Literature
This collection highlights the intellectual range and creative depth of undergraduate work in MIT’s Literature section. Each thesis represents a student’s original contribution to literary scholarship, developed through close reading, research, and critical thinking.
Literature at MIT encourages students to explore texts across time periods, cultures, and media—from ancient epics to contemporary novels, from poetry and drama to film and digital storytelling. Our majors examine how literature reflects and shapes human experience, while engaging urgent questions surrounding identity, race, gender, climate, technology, migration, and memory.
These undergraduate theses reflect the department’s commitment to both tradition and innovation. Students often bring interdisciplinary perspectives to their work, drawing connections between literature and science, politics, philosophy, and the arts. The result is a body of scholarship that is thoughtful, original, and deeply engaged with the world beyond the classroom.

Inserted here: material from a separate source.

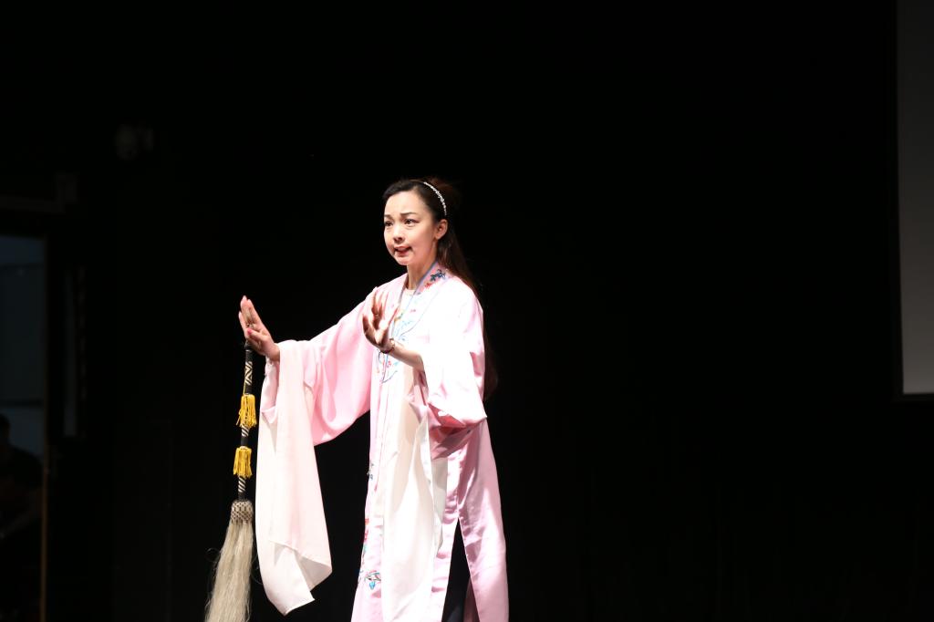 为了让同学们更好的领略到昆曲的魅力。谷好好老师分别邀请了上海昆剧团三、四、五代的艺术家,侯哲、汤泼泼等几位老师为我们带来了《牡丹亭》、《孽海记》选段的表演,并邀请了现场的观众一起学唱昆曲。
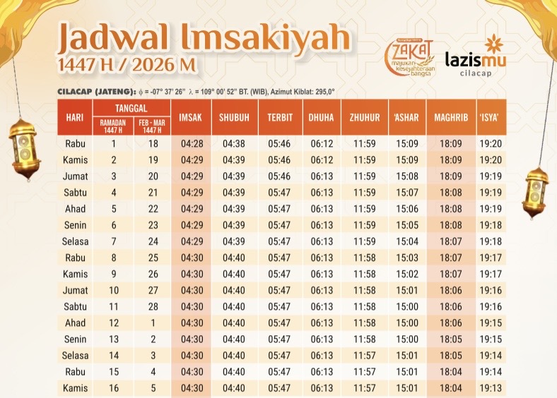 Di wilayah Cilacap dan sekitarnya, jadwal imsakiyah Ramadhan 1447 H/2026 M telah disiapkan dan dipublikasikan oleh Lazismu Cilacap.

Our students are part of a vibrant academic community that values conversation and collaboration. Regular events such as Lit Tea, Pleasures of Poetry, the Ancient and Medieval Studies Colloquium, the People’s Poetry Archive, and the Global Humanities Initiative help foster the creative and intellectual spirit that shapes much of the work represented here.
We invite you to explore these theses as a window into how MIT undergraduates use literature to ask big questions and to imagine new ways of understanding our world.